Not sure how - he hasn't played for a month. I suppose his .554 OPS in May did constitute something of a rebound from April, but not one anybody can feel happy about.
Was Sam Travis considered ?
Um, two 2014 #5 picks? Nick Gordon and Alex Jackson. Multiple-personality disorder?
"His name gets him 60 percent of the way to True Ace status all by itself."

Yes it does.
Beede has had a nice start to his pro career and actually drops half a round. I guess that speaks to the strength of this draft. A lot of players having successful first full seasons couldn't crack this list.
The Cards actually drafted Luke Weaver 27th overall. Flaherty, as noted, was the 34th overall pick.
Was Sean Reid-Foley close to making the top 30?
Thanks for doing the redraft. This was fun to read. Looks like many of the college guys jumped up in the redraft and many of the high school guys fell down. Are the college guys better than expected (and the HS guys worse) or do college guys always look better one year after the draft?
Can't speak for everyone, but I'm guessing part of it is that BP staff tends to favor floor over upside, if they can't get both, and college performers tend to have more of that.
In this conceit...
Not sure if you meant concept, heh.
Schwarber v. Hoffman is an interesting debate.

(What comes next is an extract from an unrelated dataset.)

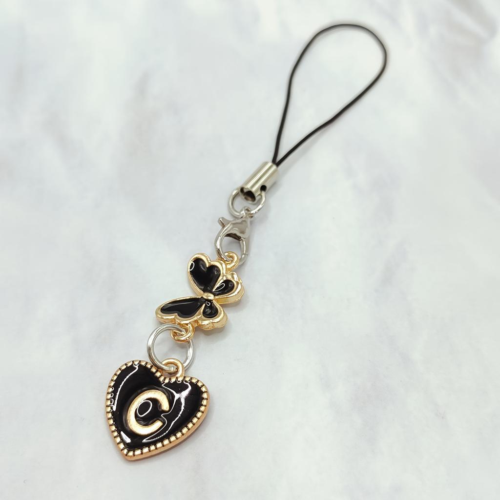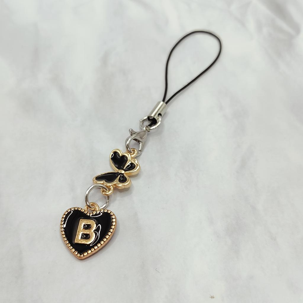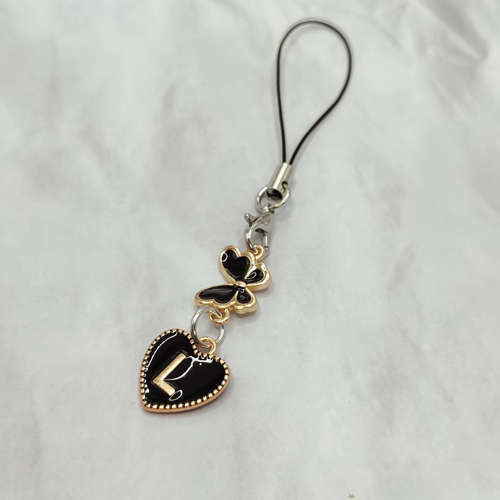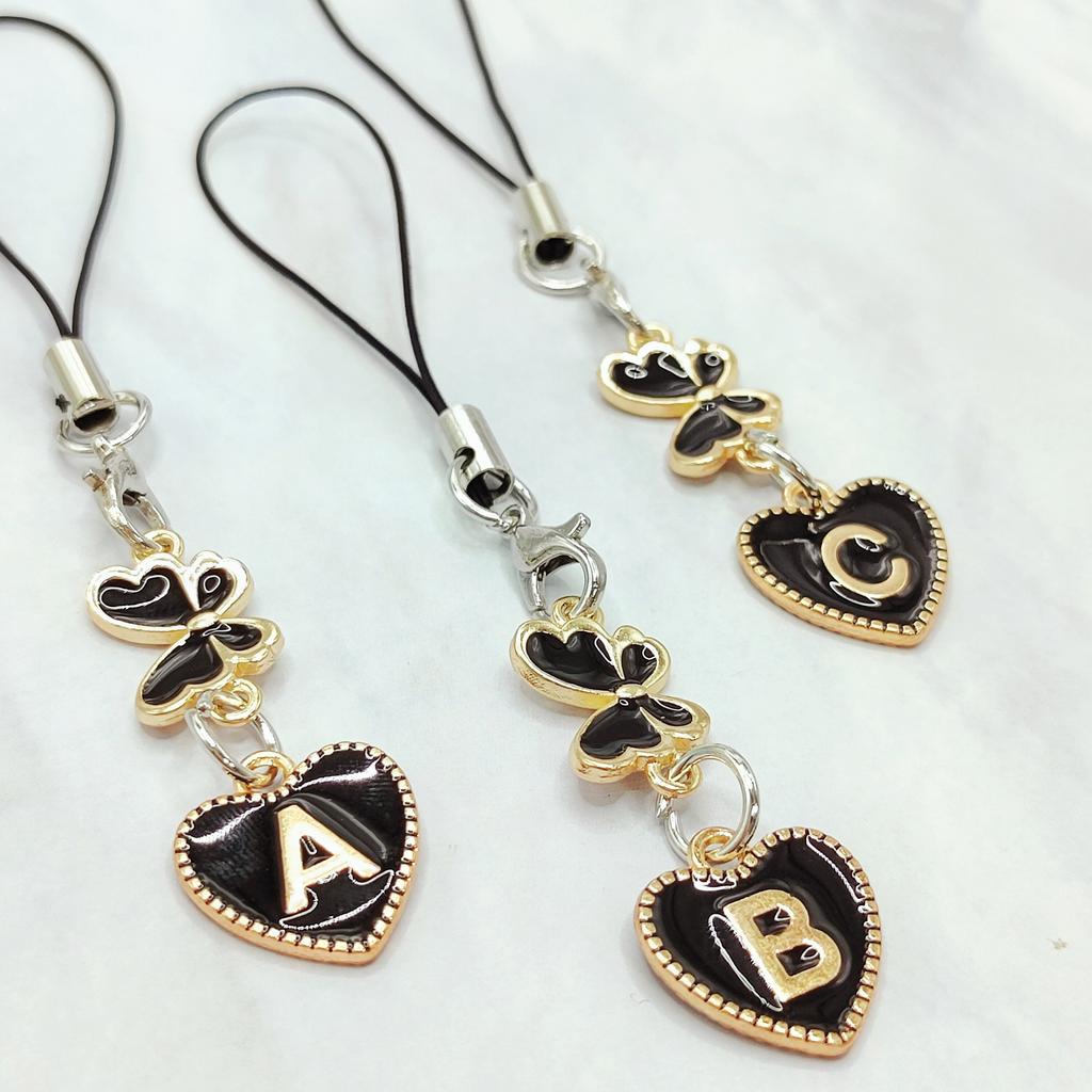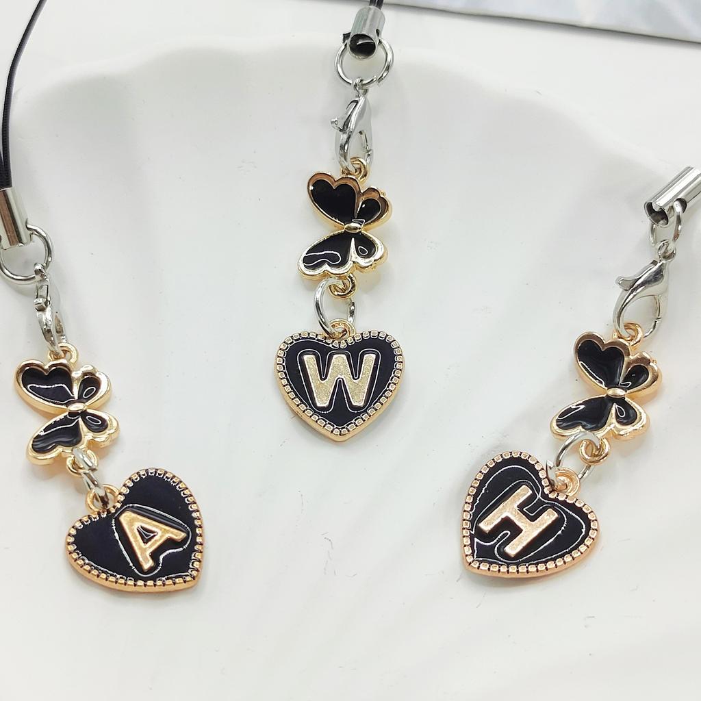 1 шт. Подвеска для мобильного телефона, Сделай сам, Черная подвеска в европейском стиле с буквой и красивой бабочкой, Ремешок для телефона, Шарм для сумки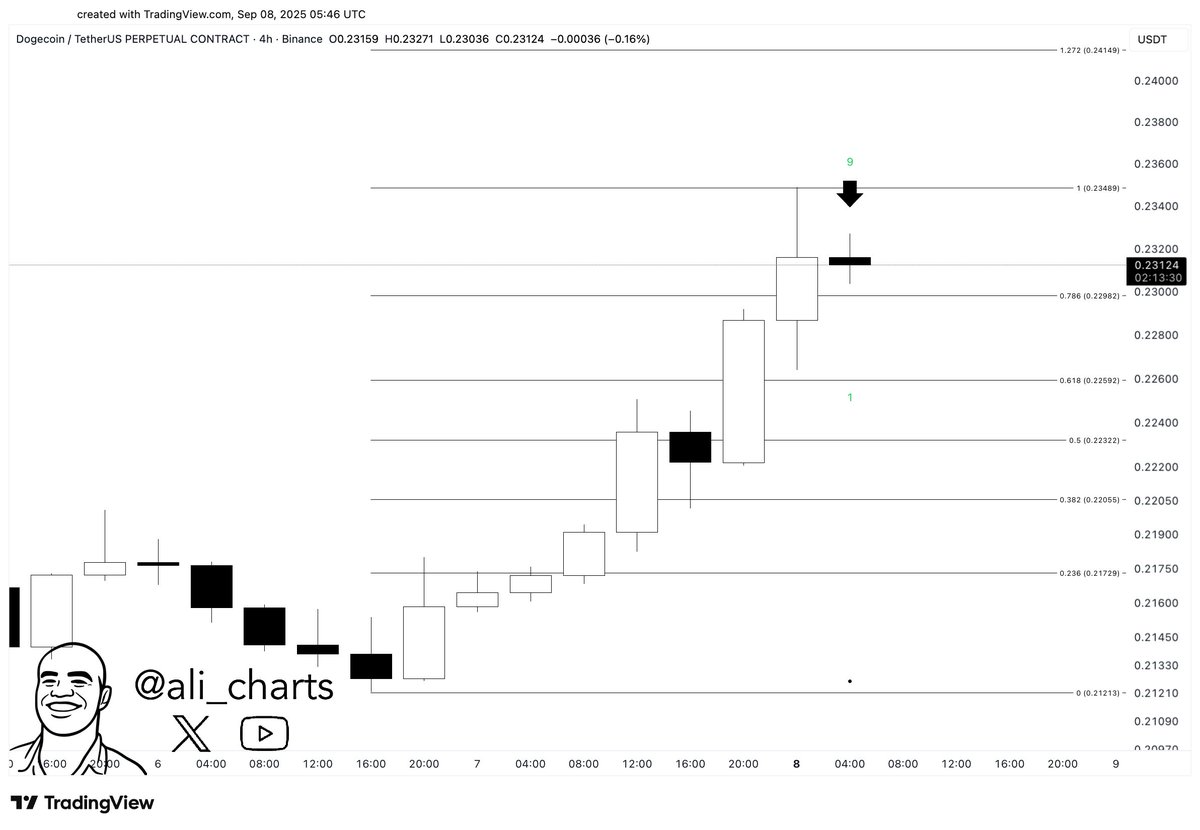 Dogecoin wird nahe 0,231 US-Dollar gehandelt – ein Anstieg von etwa 7 % aufgrund wachsender Optimismen rund um eine mögliche ETF-Genehmigung für DOGE. Das tägliche Handelsvolumen ist auf über 2,6 Milliarden US-Dollar gestiegen.

As much as I said Hoffman was an "easy" choice, I definitely considered Schwarber strongly. I was higher on Schwarber entering the draft than most and I see him as a middle of the order presence who will hit for power and avg. That said, he's a bat first profile and not a tremendous athlete, so there's a lot of pressure on the bat profile to play really, really well for him to be a star. I see him as at least a 1st division starter. I also liked Hoffman tremendously though, and with some questions answered about his health I project him as a #2 starter. Both of these things are hard to find, but I'll take the #2 starter (with a chance to be one of the best starting pitchers in baseball).
I know you're not supposed to pick for need, but I can't see the Mets picking Finnegan even if there was a redraft. They have lots of high level pitching and need to deal Niese or Gee to get a spot for Matz.
So for those 7 first-rounders from last year that weren't in your re-draft, whereabouts to you think they would fall (especially considering Aiken and his true re-draft slot this year)?